Его подход к русской философии с позиций строгого, но широко мыслящего ученого нам представляется, по меньшей мере, интересным, заслуживающим того, чтобы его развивали. Но с отдельными его высказываниями мы не согласны. Это, например, касается его оценки Николая Федорова с его космизмом, который он определяет как «мужской переворачивающий землю и весь космос проект» (с. 82). В учении Федорова с его культом предков и родовой стихии в целом нам видится не только это, но еще и его «женская» компонента. Не случайно, на наш взгляд, и то, что именно женщины стали у нас самыми пассионарными исследователями и пропагандистами его удивительного творчества.

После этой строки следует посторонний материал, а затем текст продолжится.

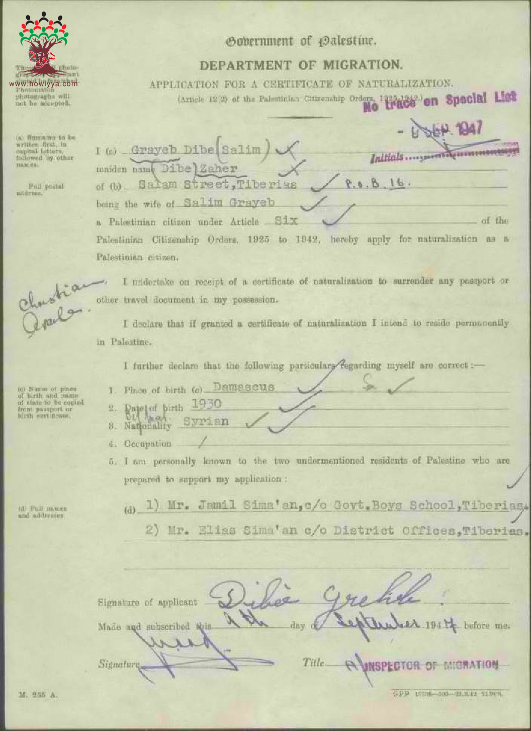 طلب الجنسية الفلسطينية - ديبة غريب - طبريا /سوريا
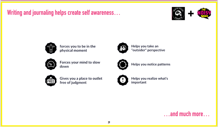 Sometimes, the stuff we write in journals is deeply personal and not for sharing. However, for those that would like to share aspects of their writings, we accept recovery stories and blogs at HMT and The Noisy Brain. The Noisy Brain also accept writings to be used as lyrics, and have an app that can be accessed here. HMT and The Noisy Brain teamed up with Alpha Kinetic to do a metal/industrial song as part of The Noisy Brain project, which you can listen to here:
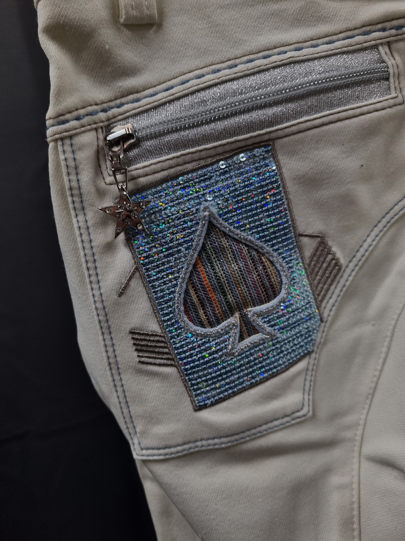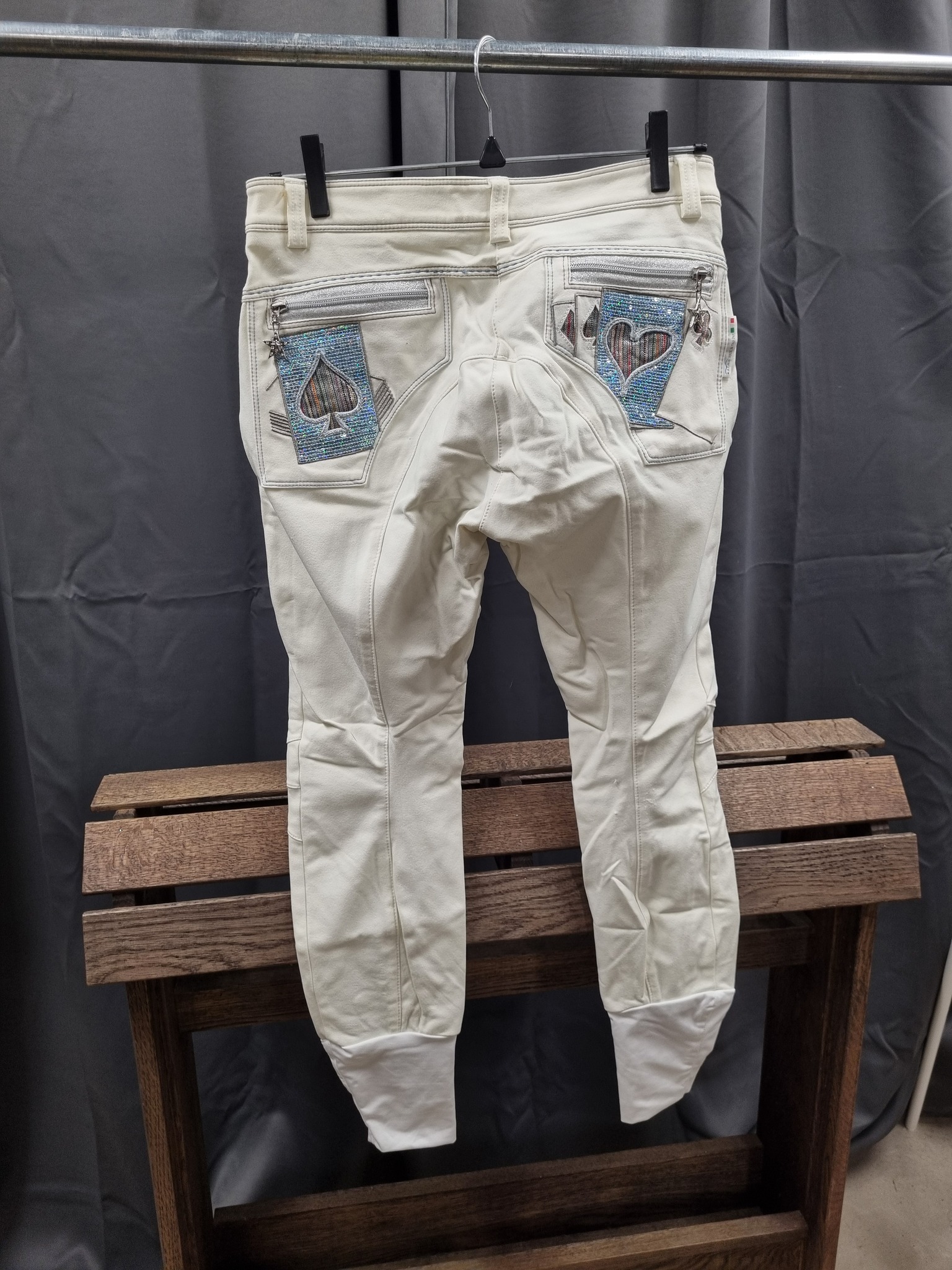 Begagnade ridbyxor från Animo i storlek 40, italiensk 44. Oskodda, med elastiska benslut. Paljettprydda bakfickor med silverglittrande dragkedja, dragtapp i form av stjärna med bling. Toppskick!

Или вот еще один момент: оценивая в рамках панорамного обозрения современную отечественную философскую мысль, автор этой программной статьи делает вывод, что у нас «попытки развития самой философской мысли занимают гораздо меньшее место», чем комментаторская и издательская деятельность с ее наследием, оставленным нам прошлым (с. 75). Мы бы не рискнули всецело присоединиться к такой оценке, какой бы очевидной она ни казалась. Кто здесь отважится быть судьей? И достаточна ли временная дистанция для того, чтобы делать такого рода обобщения? Кроме того, нельзя не принимать здесь во внимание, что сейчас вся культура, а не только философия, насквозь пронизана стихией истории. Прав был Ал. В. Михайлов, когда писал об историзации всего массива наших знаний. Это действительно так. И поэтому то, что сейчас в обязательном, можно сказать, порядке носит исторический «костюм» (кто его сейчас, по крайней мере, не примеривает?), может содержать «попытку развития самой философской мысли». Более того, усилим этот тезис: нередко ее действительно содержит, правда, удачную – не часто. Но часто ли наши литераторы достигают вершин, соизмеримых с Гомером или Шекспиром, Львом Толстым или Федором Достоевским? Или часто ученые наших дней встают вровень с Ньютоном или Эйнштейном? В таком случае следует ли наших философов упрекать в том, что они в очень малой степени развивают саму философскую мысль? Мысль как таковая, а, быть может, особенно философская – слишком тонкая «материя», чтобы с легкостью констатировать, присутствует она или нет в том или ином издании или вообще в каком-то «культурном продукте». И одного научного «микроскопа» для того, чтобы ее зафиксировать, маловато.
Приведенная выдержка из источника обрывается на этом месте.